Although De Landa’s book is very interesting, and in many ways unique, it is also a difficult read. This is really par for the course when one is explaining the sort of complex ideas which are used in this book, and some may find this book completely inaccessible because of the complexity of the ideas discussed. The majority of topics are explained very well – but some topics come across as rather confusing. Also, some of the language is rather pretentious, and one can’t help feeling that some of the ideas are not quite as complex as De Landa makes them out to be.

The presentation of A Thousand Years of Nonlinear History is, like the rest of the book, rather unusual. The striking front cover design makes the book stand out on a bookshelf – although the complexity of this cover design hinders the reading of the blurb on the back – one of the first places a prospective reader will look for information about the book. The choice of font size throughout the book is also interesting. De Landa has chosen to use larger font sizes at the beginning of each chapter – gradually reducing to a rather small font for the majority of each chapter and then increasing again towards the end. I assume this was chosen to accentuate the introduction and conclusion of each chapter – and in some ways that is a good aim. However, this has not helped my reading of the book – or my identification of the important parts of the chapter. It also has the side-effect of making the body of the chapter look very small, and this has made it quite difficult and tiring to read.

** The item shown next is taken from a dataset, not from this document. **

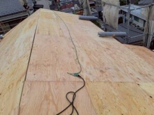 野地板と呼ばれる広い土台の板を設置しておきます。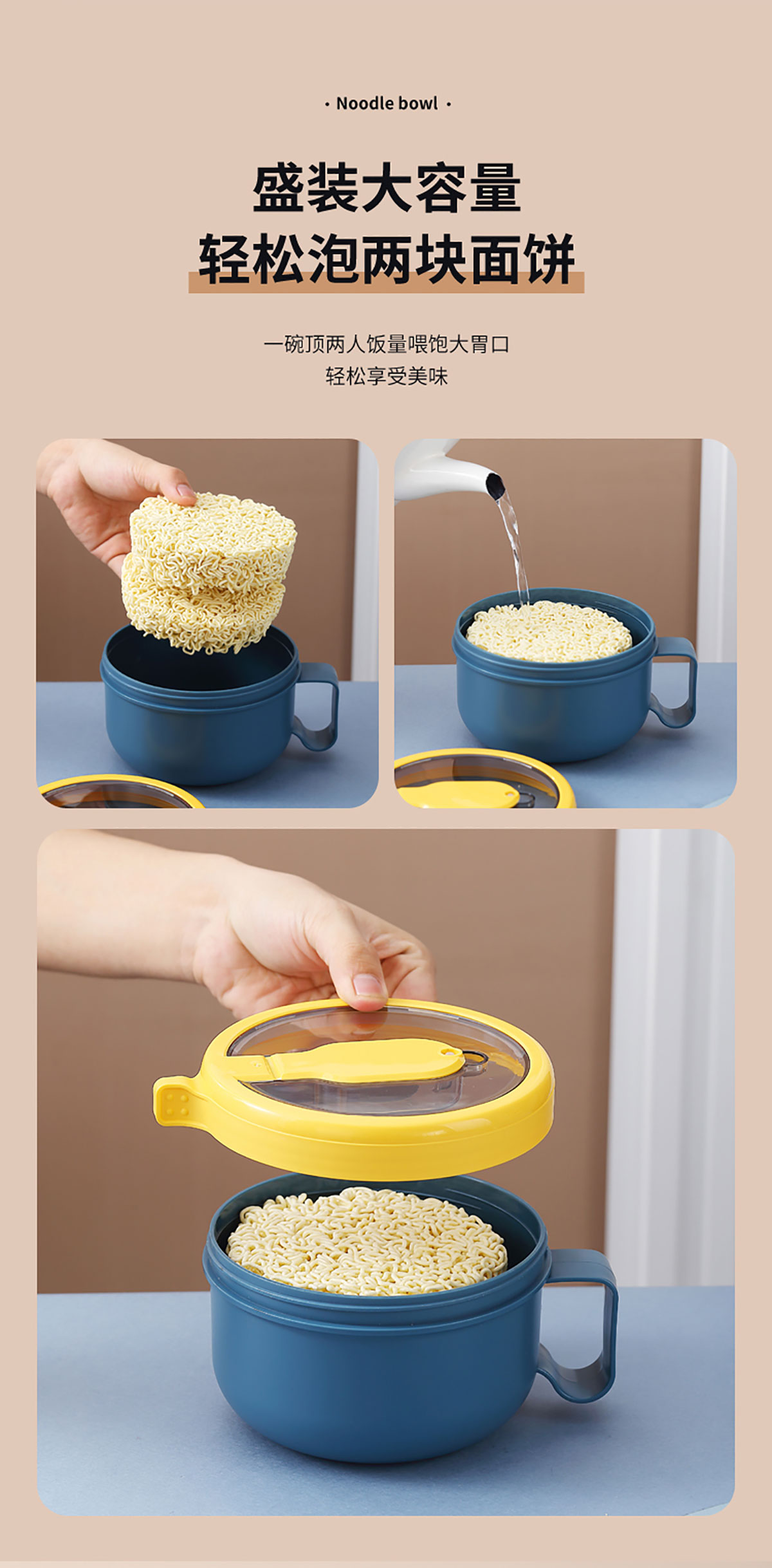 透明蓋塑料泡面碗850ml

Overall, De Landa’s book is a very interesting read. It takes a new approach to almost every topic covered and provides much food for thought. Although A Thousand Years of Nonlinear History should not be used as the main text for any of the topics covered it provides much useful background reading. Some parts of the book are difficult to read and understand, but perseverance will result in appreciation of the new perspectives raised by this unusual book.